When you get down to it there is nothing quite like live music. And nowhere better than in a pub. Week before last was '
Stony live' and, as usual, we should have seen more. There was a nice little Lonnie Donegan tribute (it's only lately I realise just how important he was), and a lunchtime session with the Concrete Cowboys - accomplished bluegrass from men with beards of a certain age - in the 'Fox and Hounds' really hit the spot. The culmination of the week with Folk on the Green saw more men in beards getting acrowd moving with more rockin' Americana - I give you Fat Freddy's Cat and the Bullfrogs. Solo folkie acoustic guitarist Gran Bartley did well after a rousing covers band - Band Substance - had the crowd on their feet. And then we had Great Pig in the Sky - a decent Floyd covers band. You couldn't deny their popularity and I'm pretty sure it's more entertaining seeing a Floyd covers band than listening to the real thing's records, but it's so ploddingly boring. Has there ever been a tribute song so imappropriate to its subject than 'Shine on you crazy diamond'? Where is the Syd Barrett who wrote 'Bike' in that? Do Floyd covers bands ever actually do any of Syd's songs? Probably not. Enough.

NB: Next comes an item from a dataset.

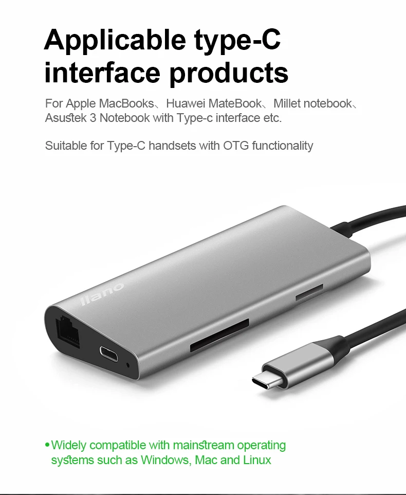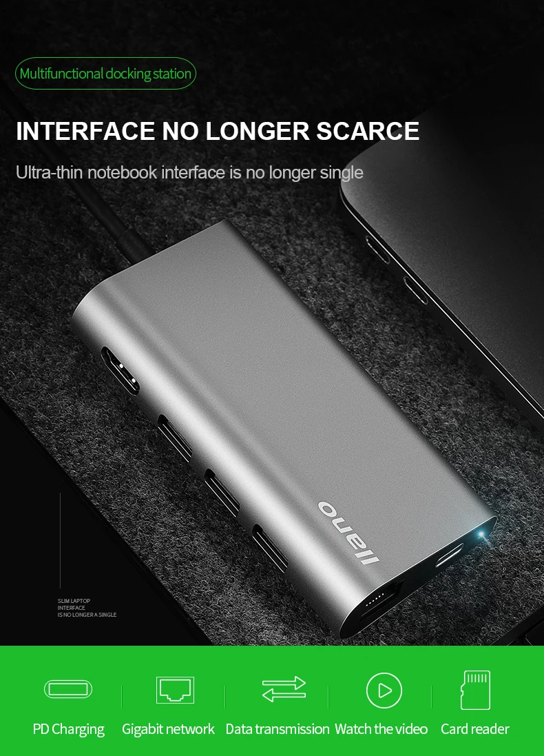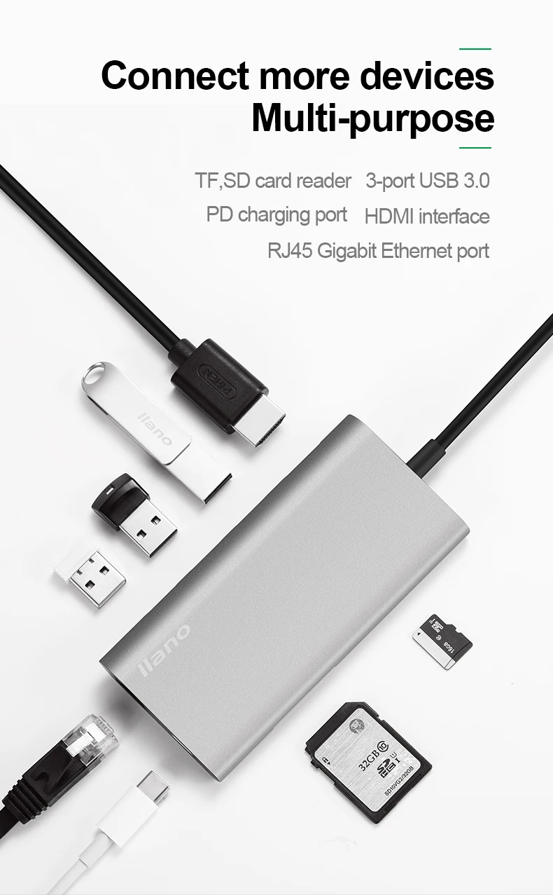 llano USB docking station All-in-One USB-C to HDMI Card Reader RJ45 PD Adapter for MacBook Samsung Galaxy S9 /S8 / S8+Type C HUB

A brief mention for the quality of the dialogue and David Duchovny's performance in the US tv show '
Californication'. And Alan Ayckbourn's swinging '60s relationships farce 'Relatively speaking' at the theatre was very funny, some beautiful timing - Peter Bowles superb.

Deep into the
Philip Hensher's brick of a book 'The northern clemency' (Fourth Estate, 2008). Absorbing - doesn't feel like a 700 pager. Some lovely set pieces. (June 22)

And so I finally catch up with Ernest Hemingway's 'For whom the bell tolls' (1940). Why am I surprised it's such a huge book? Not the number of pages, but in its thematic scope - philosophy, politics, faith, commitment, compassion, how things happen, how people are, how to live. Key twentieth century text. Then there's the quality of the action, the interactions, the description. Not sure the old charges of misogyny can really stick what with Pilar here and Lady Brett in 'Fiesta'. Great writer, unfashionable too long. (June 3)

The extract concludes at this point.